Think of it this way: you are always in a chain. It can be between 1 and 100 boxes long. But it can’t be a dead end or not include the 1-note. Worse case it visits all boxes and gets back to 1.

Try forming a scenario that doesn’t. E.g a “loop”: Prisoner #1 opens box 1. Finds the number 2. Opens box 2 finds the number 3. Opens box 3... Could he now find the “2” that would lead to him being stuck in the 2-3 loop? No. He already found the 2. It can’t appear again. In the third box he’ll find a number he hasn’t seen. The loop cannot form in any other way than to come to where he started - which it will do when he finds the note with “1” on it.

So by starting with box 1, he is on a loop of length 1..100 including the pointer TO box 1 (which is what he is looking for).

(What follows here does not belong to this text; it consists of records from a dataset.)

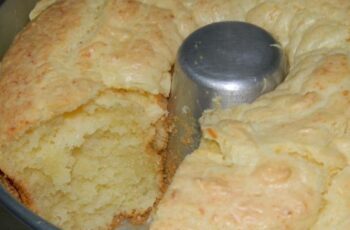 A massa é feita de forma tradicional, misturando todos os ingredientes e assando em forno pré-aquecido até ficar dourado e macio.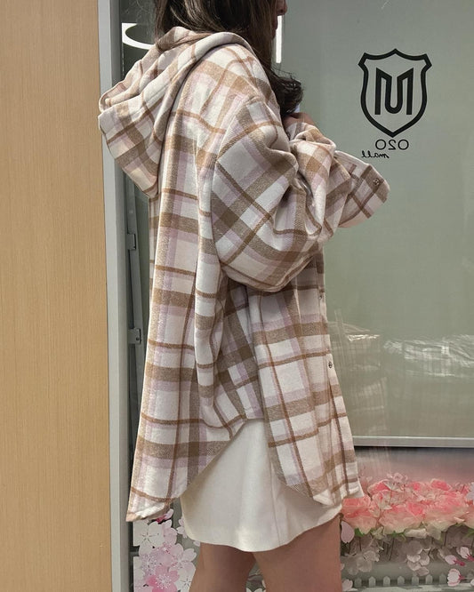 🇰🇷秋冬版 粉色格仔連帽外套🧥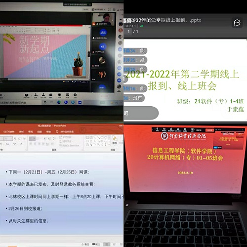 首先,按照学校2022年春季学期开学要求,坚持疫情防控“外防输入、内防反弹”原则,各班辅导员督促同学们进行群接龙线上报到,了解掌握同学们是否具备上网课的条件,同时提醒同学们做好自我防护,调整作息规律,以积极饱满的精神姿态投入新学期的工作学习中。其次,辅导员要求大家认真学习线上课程内容,及时完成任课老师发布的学习任务,课下认真复习,督促学生完成线上学习任务,确保教学进度和教学效果,保证学习效果。再次,辅导员就学校疫情防控工作要求做出重点强调,任何同学不得提前返校,配合做好每天辅导猫日报告打卡,并随时关注老师和班长发布的重要信息。最后,辅导员老师向同学们再三强调线下返校报到时间、需要注意事项、报到时所需提交的材料等报到流程,确保同学们平安开学,开学平安。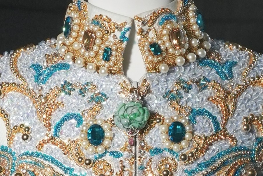 Every bead, pearl, and crystal is hand-set to build dimension and brilliance. Sculpted sleeves and an encrusted collar give the piece its commanding presence, creating a wearable relic of luxury — where protection becomes art.
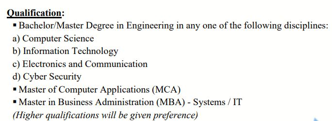 पदांचा तपशील मुख्य माहिती सुरक्षा अधिकारी (CISO) शैक्षणिक पात्रता किंवा अनुभव एकूण पद संख्या रिक्त जागा नोकरीचे ठिकाण मुंबई अर्ज पद्धती ऑनलाईन अर्ज करण्यासाठी अंतिम तारीख दि. २०/०८/२०२५.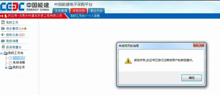 绑定失败:此证书已进行过其他用户的绑定操作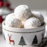 6. Cool and Coat: Let the cookies cool on the baking sheet for 5 minutes. While warm, roll each cookie in a bowl of confectioners’ sugar, coating fully. Transfer to a wire rack to cool completely, then roll again in confectioners’ sugar to create the classic snowball appearance and texture.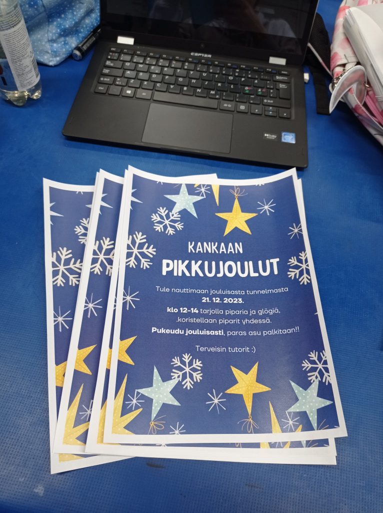 21.12. pidimme kankaan pikkujoulut. Ohjelmaan kuului mm. pipareiden koristelua, korttipaja ja musiikkia. Sai myös pukeutua jouluisasti ja parhain asu palkittiin konvehtirasialla.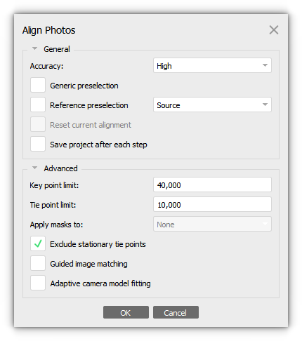 2. Set the parameters in the Align Photos dialog window:
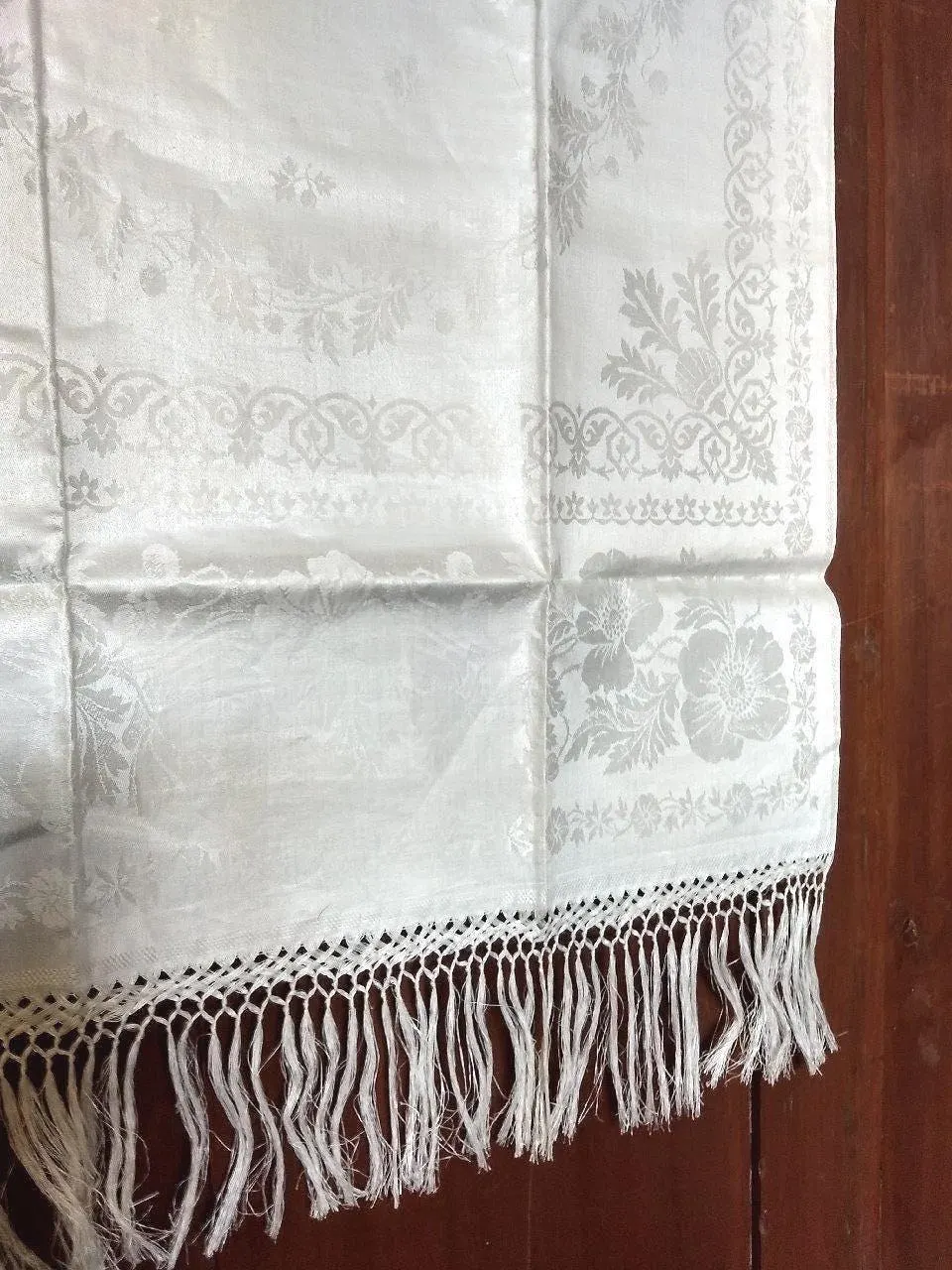 Gorgeous, Victorian 1880’s to 1900’s, white linen damask towel with lovely poppy flower decoration. The two end of towel are fringed with hand tied fringe. The motif features a circular garland of budding poppies with leaves at the center. An inner, as well as outer border, features more blooming poppies and scroll designs. Truly a beautiful study of poppies. Truly a beautiful towel.

Ok, so I‘m walking a linked list that will lead to my number. But I still don’t get why the odds are better than just opening the first 50 boxes and hope for the best? What changes because I‘m on the chain?
OK I'll give it another go :)

The chance of you finding your number with 50 random opens is 50%. But you don't live jusr because you find your number. You only live if everyone finds their number. And that chance is slim: it's .5^100 which is a very small number.

The chance of finding your number using the chain algo is the same as the chance that your number is found before the 50th step of your chain. That probability is still 50% because you are opening at most 50 boxes of a 100, the order doesn't matter. This is why you feel nothing will change, that the order shouldn't matter. That is correct: each prisoner opens 50 boxes without any prior information.

But the key is what changes for the probability of success for the group.

All prisoners use the same shuffling (it's only randomized once). Everyone will succeed when walking their chains, if the longest chain is shorter than 50. That is, if there are two chains of 60,40 then the group will fail. Because some of the prisoners who are unlucky and have numbers in the 60 loop will to reach their number in 50 steps. But if there are two chains of 50,50 or 3 chains 30,30,40 etc., then everyone will succeed.

So the difference is that with random choice, YOUR chance of finding YOUR number is 50%. The chance that all 100 does so you live, is .5^100.

With the chain walk, YOUR chance is still 50%, as is everyone elses. Yet the risk that someone fails is now just 70% instead 99.9999999...% (Now is no multiplication - the probabilities are not independent - the probability of success for the group is now a property of the loops rather than the product of 100 independent events)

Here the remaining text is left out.